A Review of Peter Robin Hiesinger’s Self-Assembling Brain by Robert Thibadeau on medium.com
This is a very intertesting take on The Self-Assembling Brain by a senior expert on natural language processing. Robert Thibadeau trained with Roger Schank, is an emeritus of Carnegie Mellon University, and writes and teaches about cognitive science, AI, machine learning, and is one of the founding Directors of the Robotics Institute. The full review and links to his work can be found here. Only the beginning is copied below:
Stew. Stew is great stuff. You throw in things like this food and that food for thought and cook them up. Stew. But some people make better stew than others. Robin Hiesinger, a German Chef, makes great stew.
But it is missing something, as a French Chef might sniff out!
The stew he is trying to make is a brain. Lots of people are trying to make brains, but his book is special.
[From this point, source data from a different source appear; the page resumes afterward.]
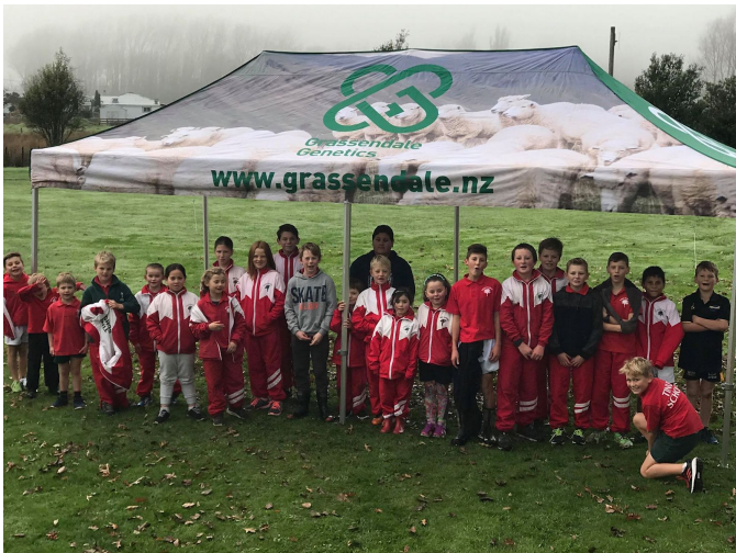
Some of our Tinui Crew on Cross Country Day

Thank you to the Mitchells who once again opened up their property so Tinui kids could practice and kids from our rural cluster could run in our Rural Schools cross country. We get so much positive feedback about our course being a "REAL" cross country course with challenging hills.
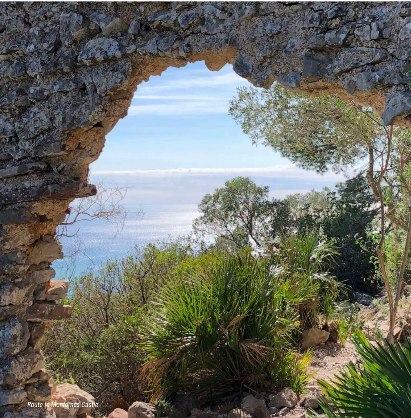
Route to Montornés Castle
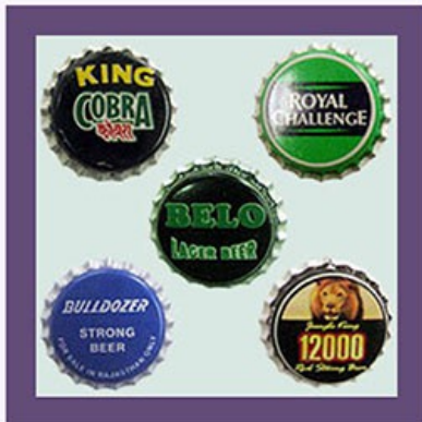
Soft Drink Bottle Caps
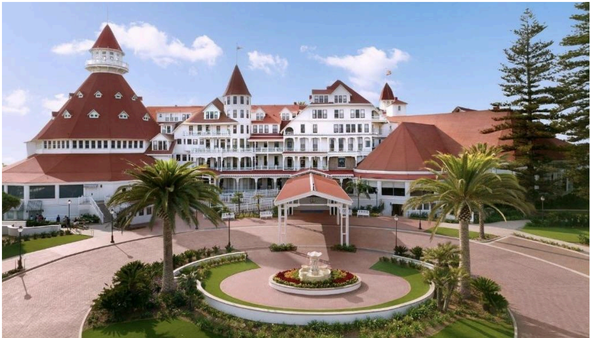
Alt: Hotel Del Coronado

Unearth the intriguing chronicle of one of America's most renowned establishments, the Hotel Del Coronado.
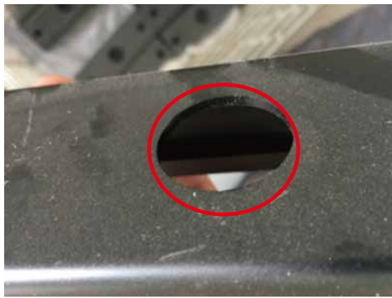
Only one layer of coated metal
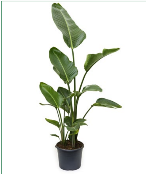
Artcode: 4STNITU12 Description: Strelitzia nicolai Variety: Tuft Pot: 29 Height: 150
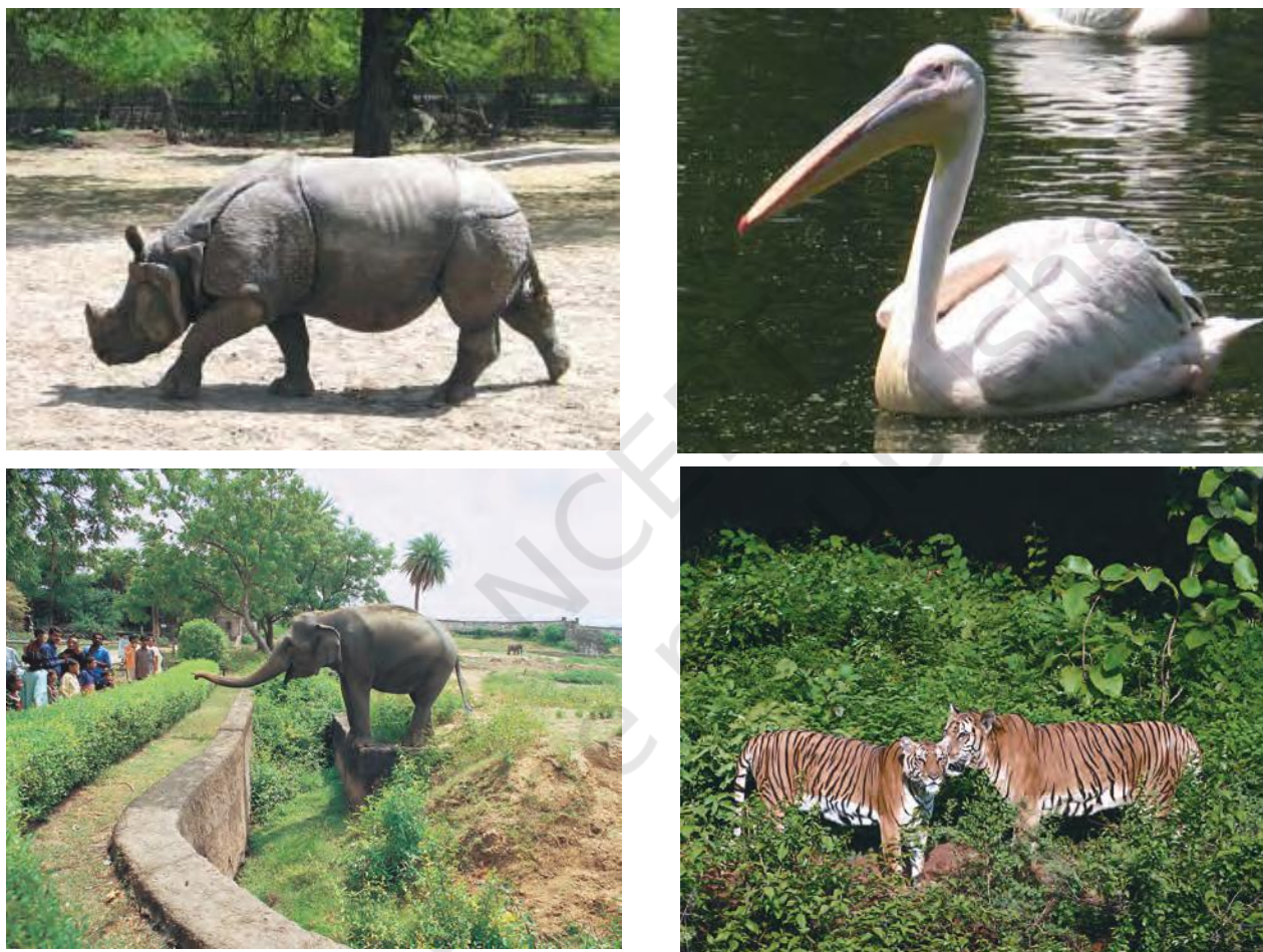
Figure 1.3 Pictures showing animals in different zoological parks of India

These are the places where wild animals are kept in protected environments under human care and which enable us to learn about their food habits and behaviour. All animals in a zoo are provided, as far as possible, the conditions similar to their natural habitats. Children love visiting these parks, commonly called Zoos (Figure 1.3).
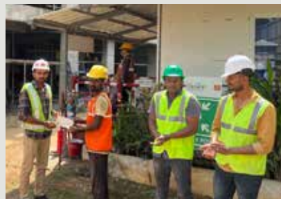
Asset Winside - Thrissur
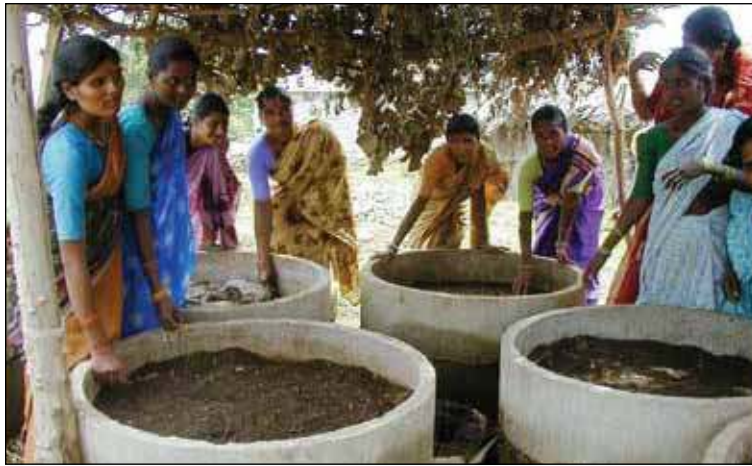
Figure 9. Women involved in vermicomposting activity.
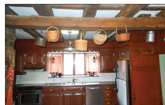
CUSTOM CHERRY KITCHEN

TERMS: 10% down day of sale, balance on or before 60 days. Attorney: Kling & Deibler (717) 354-7700.
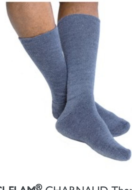
ACI-FLAM® CHARNAUD Thermal socks DAILY WORK WEAR
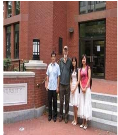
TLBU Doctoral Students in USA

TLBU is a unique educational organization composed of the TLBU Graduate School in Seoul, TLBU Institute in Paris and the TLBU Law School in Maryland (under preparation), USA. Qualified students at TLBU Graduate School of Law in Seoul upon graduation will be eligible for further study sponsored by TLBU Foundation either in United States, where they will embark upon in-depth studies on US Laws or in France. Up to date, 15 students have been sent to US to pursue further study. In the near future, the TLBU Campus (in Maryland) in contemplation is going to offer LL.M. program of one qualified law school and New York Bar Examination within TLBU Master of Laws Degree program.
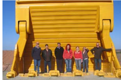
(Pictured Above: MWAC Officers at Superpit in Kalgoorlie)

On Monday 14 May 2007 Municipal Waste Advisory Council (MWAC) Officers held a non-metropolitan workshop at the City of Kalgoorlie-Boulder.
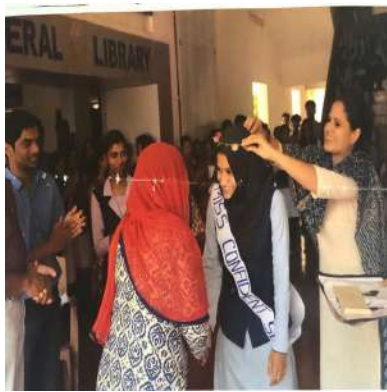
AWARDING THE CONFIDENT
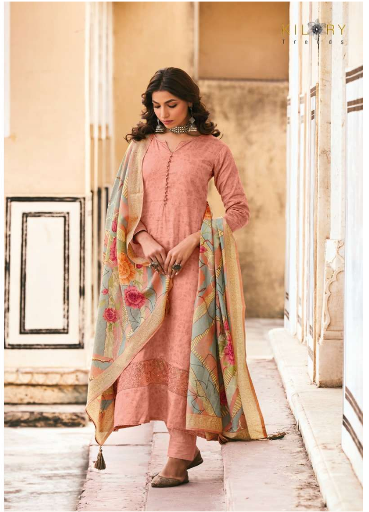
LOOK # 595
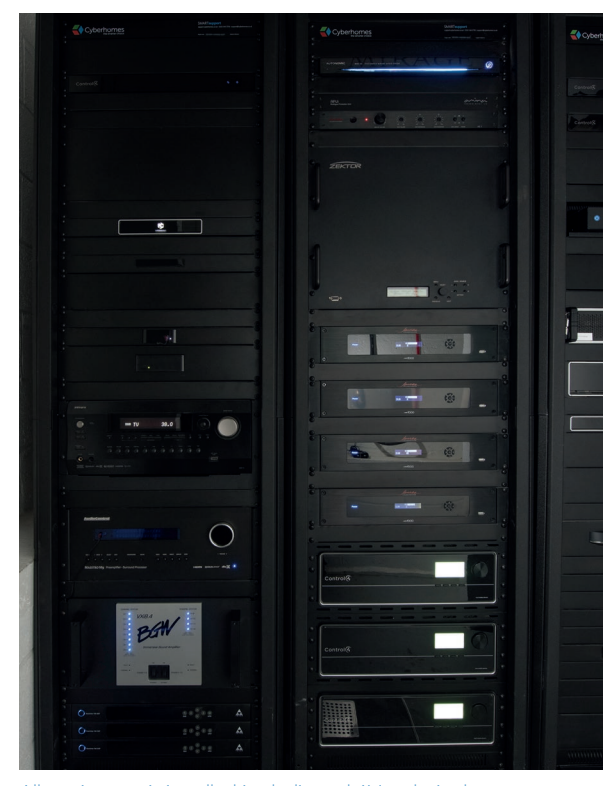
All equipment is installed in dedicated AV racks in the plant room, minimising the technology's impact on the home's interior design

treatment already lie behind pleated, stretched-fabric walls.
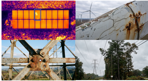
Live Video Feed & AI Recognition

100% Hands-free flight with zero manual intervention.
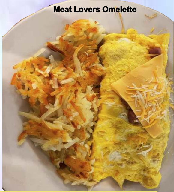
Meat Lovers Omelette

Health Advisory: Eating raw or undercooked meat, poultry, eggs or seafood poses a health risk to everyone, but especially to the elderly, children under age four, pregnant women and other highly susceptible individuals with compromised immune systems. Thorough cooking of animal foods reduces the risk of illness.
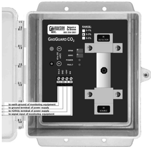
Figure 2: Wiring diagram
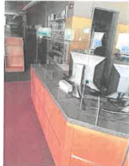
3. Stand behind the Plexiglass
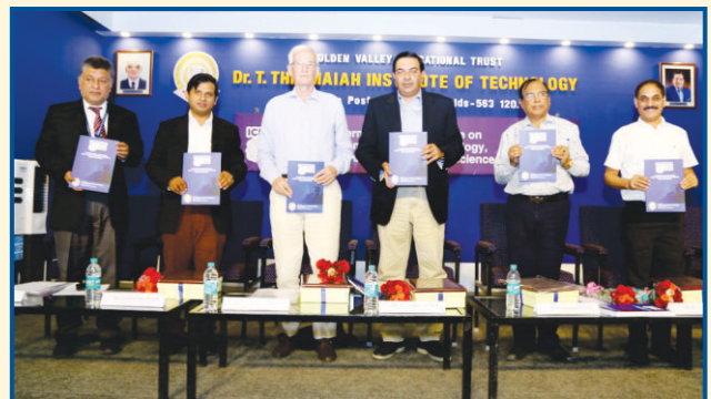
Releasing of Proceedings during First International Conference
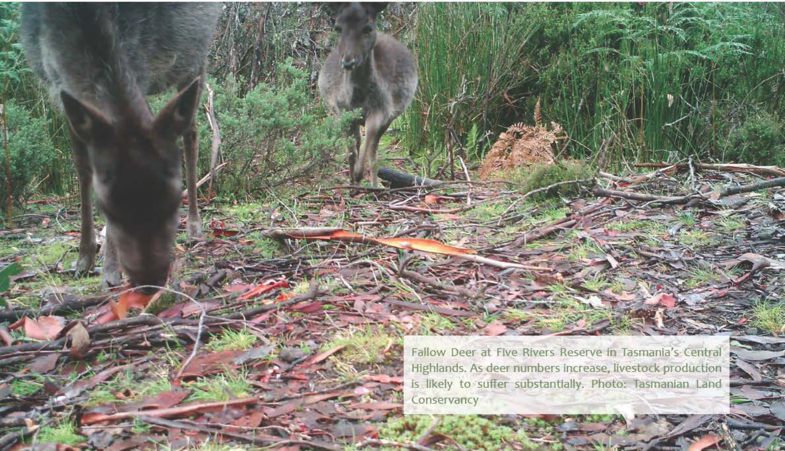
Fallow Deer at Five Rivers Reserve in Tasmania's Central Highlands. As deer numbers increase, livestock production is likely to suffer substantially.

His focus is on how you grow a brain out of things as primitive as DNA. He’s in the business of Developmental Computational Cognitive Neuroscience.
Here is his really educational and tasty stew on the Self-Assembling Brain:
The Self-Assembling Brain: How Neural Networks Grow Smarter — Kindle edition by Hiesinger, Peter Robin. Download it…
He assemblies together four types of self-assembling foods to throw into his bubbling cauldron. They have names, and personalities, and wonderfully engage in ten dialogues and seminars about what each other know about growing a brain, thrown into his beautiful stew. They are Alfred (The Neuroscientist), Aki (The Robotics Engineer), Minda (The Developmental Geneticist) and Pramesh (The Artificial Intelligence Researcher.)
He needs another Seminar, perhaps an 11th , and one more kibbitzer for all the seminars, call her Naomi (a Cognitive Scientist) to complete his book.
Sadly, but truthfully, we yet don’t know how a brain self-assembles itself, and we do not know how one grows or how to build one.
Like many other neuroscientists, he thinks a fly’s brain is certainly as interesting as any human brain. See his really cool research lab at www.flygen.org. He is right, until you get to uniquely human brains.
But we have learned a lot without that inclusion, and there are the makings of a fine scientific stew here.
Hiesinger’s book is a major contribution on the common themes that have arisen among the many disciplines on how the brain self-assemblies itself.